When is a signing bonus paid?

By Robert Half on 20 July 2022
Estimated Read Time: 4 minutes

Signing bonuses, also known as sign-on or hiring bonuses, have long been an attractive incentive for job seekers.

While not especially new, lately, our research has found that 6 in 10 employers are using them in order to entice in-demand talent.

So, what is a signing bonus? It’s a one-time sum offered early in an employee’s tenure at a new company. In the past, these have been the domain of top executives and senior leaders, but given todays’ skills shortage, they are no longer exclusively for upper management, but particularly pertinent for those with niche skills.

Perhaps this is due to the fact that, post-pandemic, we are experiencing a candidate-driven marketplace, where there are many jobs than candidates available.

This is putting pressure on fields that were already facing a skills gap—like tech specialists and finance experts—and means job offers need to be more enticing than ever to attract top talent.

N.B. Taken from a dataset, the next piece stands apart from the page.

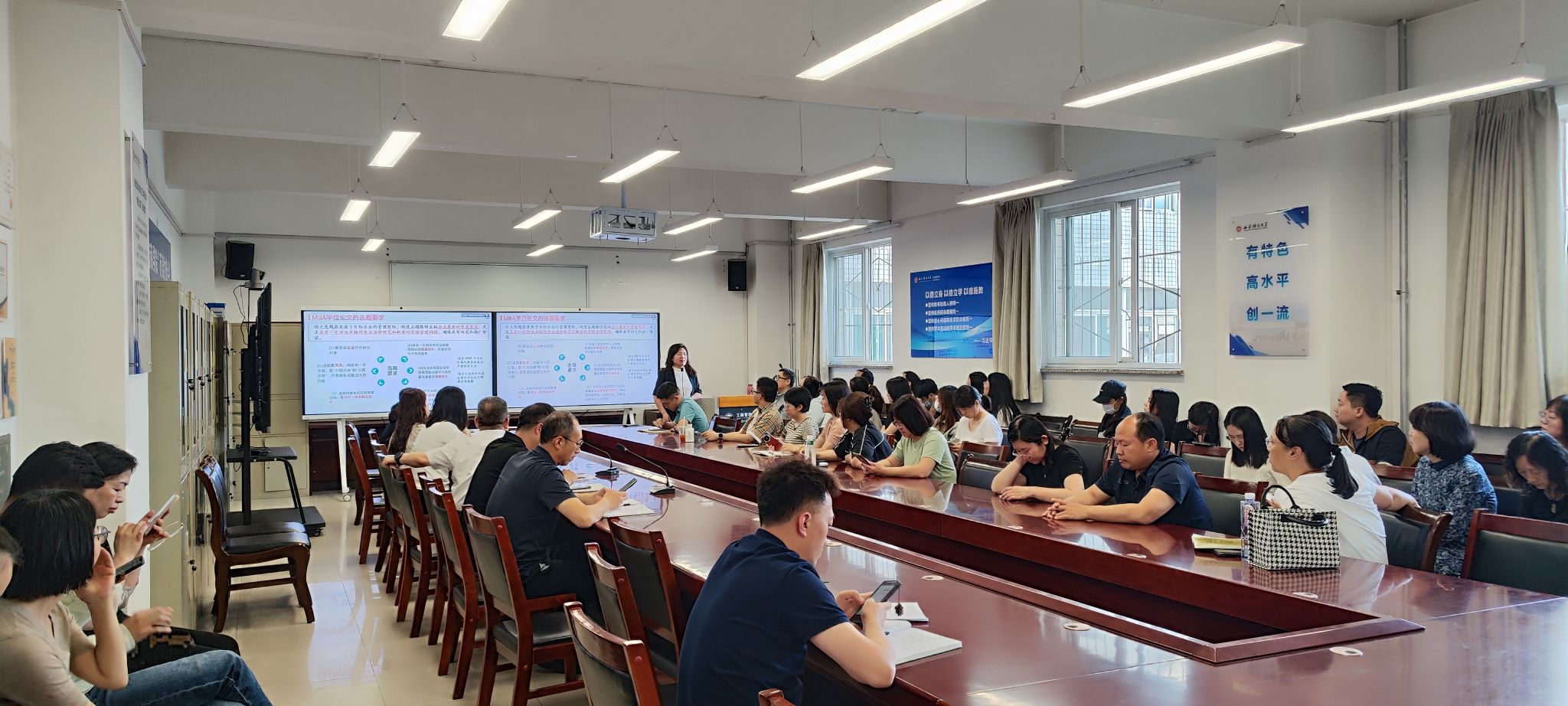举行MBA学位论文质量提升专题培训。学院领导、全体教职工参加会议。会议由学院院长、MBA教育中心主任卫虎林主持。

Which leads us to the question: when is a signing bonus paid? Why offer one at all?

Why offer a signing bonus in 2022?

As far as incentives go, signing bonuses are powerful pulls for attractive, in-demand candidates.

They’re particularly useful when candidates are relocating internationally or interstate to help cover the initial, up-front moving costs.

  • To stand out in a competitive marketplace

In situations where the candidate is a local, and in fields where the demand is especially high, signing bonuses are a great way to differentiate your offer from that of a competitor, especially if the candidate is considering multiple offers.

It’s important, however, to remember that employees are not just motivated by money. Though a sign-on bonus is a sweet way to win a recruit over, it’s also essential to build a positive company culture and work-life balance.

  • To cover a candidate's financial losses

In some cases, it may make financial sense for the incoming employee to request a signing bonus in order to recoup financial losses from their former company. For example, if an employee signs on to join your company just before they expect their annual bonus from their former employer, being able to offer a signing bonus may just be the thing to win them over.

  • To compensate for a lower salary

Another common reason for offering a signing bonus is to compensate for a lower salary. Some companies have policies that maintain salary equity, which means negotiating a higher base salary is impossible. In these cases, a signing bonus may be a way to make your offer more appealing, particularly if the candidate is intent on negotiating.

  • To encourage loyalty

Signing bonuses can be used to aide retention through a contingency in the initial offer. The recipient may be required to pay back the bonus if they leave the company within a certain amount of time or the payment may be split up and awarded in increments - which works as a barrier to talent bouncing between roles for the next highest offer.

How much should a signing bonus be?

Typically, signing bonuses are around 10 percent or more of the employee’s annual salary, though some firms are prepared to offer up to 20 percent to secure an especially promising new recruit.

Signing bonuses may also be developed according to the candidate in order to cover the bonus they would have received if leaving a previous employer before this can be awarded, or a lump sum may be determined by the company to manage costs.

Related: Ready to make a job offer? Check out our top tips here

When is a signing bonus paid?

As a one-time sum, signing bonuses are always paid after the candidate has accepted the job offer and signed their contract.

When and how it is paid is usually open to negotiation between the company and the new employee.

Depending on the total amount of the bonus, companies may choose to pay it in a single lump sum once, or, if it’s significant, over time.

For some top executives, senior managers, on in-demand specialists, the amount may be so great that some companies choose to pay it over several years.

So, when planning for your next hire, consider a signing bonus in our candidate-driven market. It may be just the thing to win your next major talent.